The Cat Pea Technique: The Digital Portrait Experiment Is A Success
The Cat Pea Technique: The Digital Portrait Experiment Is A Success

Saturday • February 12th 2022 • 9:14:47 pm

The Cat Pea Technique: The Digital Portrait Experiment Is A Success

Saturday • February 12th 2022 • 9:14:47 pm

I was getting around to painting my favorite gym photo,
but I still had a problem with painting eyes.

So I felt like I needed one more practice test,
I remembered "Reddit Gets Drawn" from my days of I will never draw like that...

And while I am not a fan of social media,
there was a photo with good eyes I could practice on.

I am sure the internet stranger I painted,
will like it.

This was a very fun, but also exhausting challenge,
it probably took six or eight hours, and I had to get everything perfect in a single sitting.

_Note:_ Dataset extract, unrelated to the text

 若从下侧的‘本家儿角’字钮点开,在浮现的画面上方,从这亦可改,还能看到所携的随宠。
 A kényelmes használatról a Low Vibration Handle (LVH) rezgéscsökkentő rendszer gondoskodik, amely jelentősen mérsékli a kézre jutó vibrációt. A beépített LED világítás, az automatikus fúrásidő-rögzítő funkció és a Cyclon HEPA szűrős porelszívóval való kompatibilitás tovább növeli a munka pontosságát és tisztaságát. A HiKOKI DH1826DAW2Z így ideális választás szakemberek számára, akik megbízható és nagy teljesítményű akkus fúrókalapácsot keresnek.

The color palette approach, that I am just going to call Cat Pea Technique,
to keep things simple, worked flawlessly.

I did pre-process the image in GIMP,
enraging the eyes, making the mouth smaller, and above all to get a preview.

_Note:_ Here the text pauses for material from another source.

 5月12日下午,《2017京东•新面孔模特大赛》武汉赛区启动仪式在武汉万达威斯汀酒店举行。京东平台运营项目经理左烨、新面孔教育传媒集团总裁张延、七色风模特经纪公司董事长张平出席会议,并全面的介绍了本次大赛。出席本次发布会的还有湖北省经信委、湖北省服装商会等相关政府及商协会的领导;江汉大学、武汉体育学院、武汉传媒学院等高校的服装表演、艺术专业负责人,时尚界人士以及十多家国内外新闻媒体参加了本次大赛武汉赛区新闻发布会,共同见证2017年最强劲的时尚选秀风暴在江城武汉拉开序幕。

It was a very rough sketch,
it took 10 minutes, it had double eyebrows, things were overlapping...

But it was perfect,
it delivered, a preview, a rough outline of where the eyes, nose, ear, lips need to be; and of course; the color map.

You just can't go wrong,
when you already have everything as you start painting.


You know something, I did not outline things,
in the beginning, like in that ancient video from 1995 that I remember so vividly.

The person just did big blobs of paint,
I think they were using a reference image over the entire canvas.

I suspect everyone maybe doing it,
I wish this was more well known.

It is so sad that there are people out there,
who tried digital painting, and gave up, because they didn't know to stretch the reference image over the entire canvas.

Both for color,
and proportions.


I did solve the eye problem, I was stylizing them too much,
I can't just cut out a circle to make an iris - I needed to do it freehand, with an airbrush, like a landscape.

The uncanny valley effect was caused by perfection in the eyes,
paintings are meant to be flawed.

You can see the perfect imperfections in the final image,
that I linked to in my Reddit Gets Drawn post.


Finally, this also marks my first Time-lapse painting video,
this was on my todo since I was a teenager.


You can do this too, Art is for all now,
we are all artists.

You don't need hand eye coordination,
you don't need to use grids, just stretch out the reference image over your entire canvas, and set opacity to 50% and start painting.

Once you get all the big blobs of paint in,
once you have your eyes, iris, eyelids, nose highlights and nose holes, upper lip, the dividing shadow, lower lip.

Once you stop needing positioning information,
then drop the opacity of your reference image to 1%.

At 1% it is invisible to you,
but it will still respond to your color picker.

So as you do eyelid details, you just click the color picker in an era that feel wrong to you,
and you will get the color from the reference image - you will get the color that you should use for that spot.


I wish you didn't have to get a Pen and Tablet,
because $40 bucks is still $40 bucks.

But the pressure sensor at the tip of the pen,
will let you slowly apply the color.

The mouse will just dump it in there,
but if you press gently with the pen, you will slowly apply the color - that is the painting part.

This is also why it is not paint by number,
because you are still using your heart, stylizing how much color you want in there.


Once you have the tablet and pen,
Krita the professional painting program is free.

And it does represent a job,
you are training yourself how to be a graphic designer, digital artist.

If art call to you, begin taking Krita Tutorials as soon as you order the tablet,
it is not a very difficult program - you only use five key combinations, if even that, mostly brush, eraser, merge layer.


Digital painting is for all, it loves all, but don't use a mouse, get a cheap pen and tablet,
and times have changed, technology made it so, that we are all artists now.

The entry barrier of shape and color,
that kept so many of us away, has fallen now - you are an artist.